Last week, a federal judge denied a request from 10 apartment operators and Santa Barbara, California-based property management software company Yardi Systems to toss out an antitrust class-action lawsuit in the U.S. District Court for the Western District of Washington. Reuters first reported the story.
In the dismissal motion filed in December 2023, the defendants argued that the plaintiffs — two former tenants based in Washington state — didn't have standing and were “attempting to manufacture a Sherman Act violation on the mere basis that 10 property management companies independently decided to use a revenue management product licensed by Yardi.”
In his decision to deny the dismissal, U.S. District Judge Robert Lasnik said, “The fact that the lessor defendants did not meet as a group but rather used an intermediary, Yardi, to compile their commercially sensitive data and calculate the supracompetitive rental rate each participant would utilize does not preclude the existence of an agreement or change its unlawful nature.”
A spokesperson for Yardi told Multifamily Dive that the company’s software never uses confidential competitor pricing data in its rent recommendations. Instead, it relies on its clients’ property data and publicly available housing market information to help apartment communities make individualized pricing decisions.
“There is nothing illegal about Yardi’s revenue management product, and the allegations against the company are simply false,” the spokesperson said. “We stand behind our software and will continue to defend vigorously against this baseless litigation.”
The spokesperson said that the plaintiffs’ “made-up claims” don’t match the reality of how Yardi’s software works.
“The court did not find that Yardi’s software actually created an illegal price-fixing conspiracy, but, at this early procedural stage, it could only consider the plaintiffs’ allegations and not the defendants’ evidence,” the spokesperson said.
In the suit filed in September 2023, Washington state resident McKenna Duffy accused Yardi and the management companies of orchestrating a nationwide scheme to fix the cost of multifamily apartment rent.
The suit contends that Yardi exchanged competitively sensitive and non-public information with clients through its automated pricing software, Revenue IQ (formerly RENTmaximizer) and that the defendants engaged in direct conversations with their competitors about pricing through market surveys.
Per se ramifications
While the per se finding reduces plaintiffs’ burden on competitive harm and market definition, the judge acknowledges that there is a material question as to the factual proof and accuracy of the core elements of the alleged collusion, which remains the weakest part of plaintiffs’ case, according to Kenneth Racowski, an attorney with Tampa, Florida-based Holland & Knight LLP.
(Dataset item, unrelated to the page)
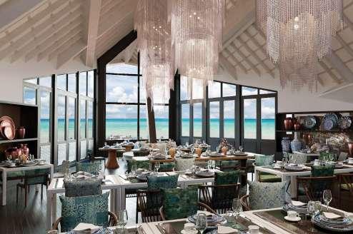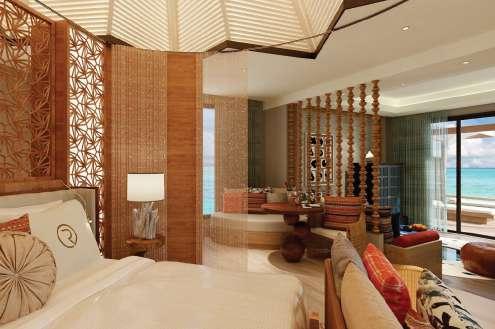 The use of rich rainforest-green marble for the floors of villas, elegant handwoven fabric wallpaper and ornate décor highlight elegance and grandeur. All 90 secluded villas and Reserves, located overwater and beachfront, have been completely renovated with fabulous additions such as walk-in wardrobes, glass-enclosed air-conditioned bathrooms, and exotic open-air bathtubs. Lattice screens elegantly placed on headboards of the beds and in the master bathrooms of the suites add a graceful touch to the ultra-luxurious villas.

In another class-action antitrust case involving the multifamily industry, this one in the U.S. District Court for the Middle District of Tennessee, Judge Waverly Crenshaw rejected this per se reasoning. Defendant RealPage then used that as a basis to ask the U.S. District Court for the Middle District of North Carolina to dismiss the civil suit brought by DOJ and the eight states last week.
Unlike Crenshaw in the RealPage case, Lasnik found that the plaintiffs' "allegations that defendants colluded to fix prices at above-market rates and impose those prices on customers is per se anticompetitive conduct," Racowski and David C. Kully, another attorney with Holland & Knight LLP, said in an article on the law firm’s website.
“This ruling will not absolve the plaintiffs of the need to prove the existence of a conspiracy among Yardi and its customers, but if they establish the existence of the requisite conscious commitment to a common scheme, it will mean they will not need to show actual harm to competition under the ‘rule of reason,’” Kully and Racowski wrote.
However, Racowski told Multifamily Dive that it’s still early on in the algorithmic pricing cases that are hitting multifamily, hotel and other industries and that the per se designation will be revisited in the future.
“This is like the bottom of the second or top of the third inning,” Racowski said. “There's a lot of runway to go for these cases to play out what the appropriate legal standard is going to be.”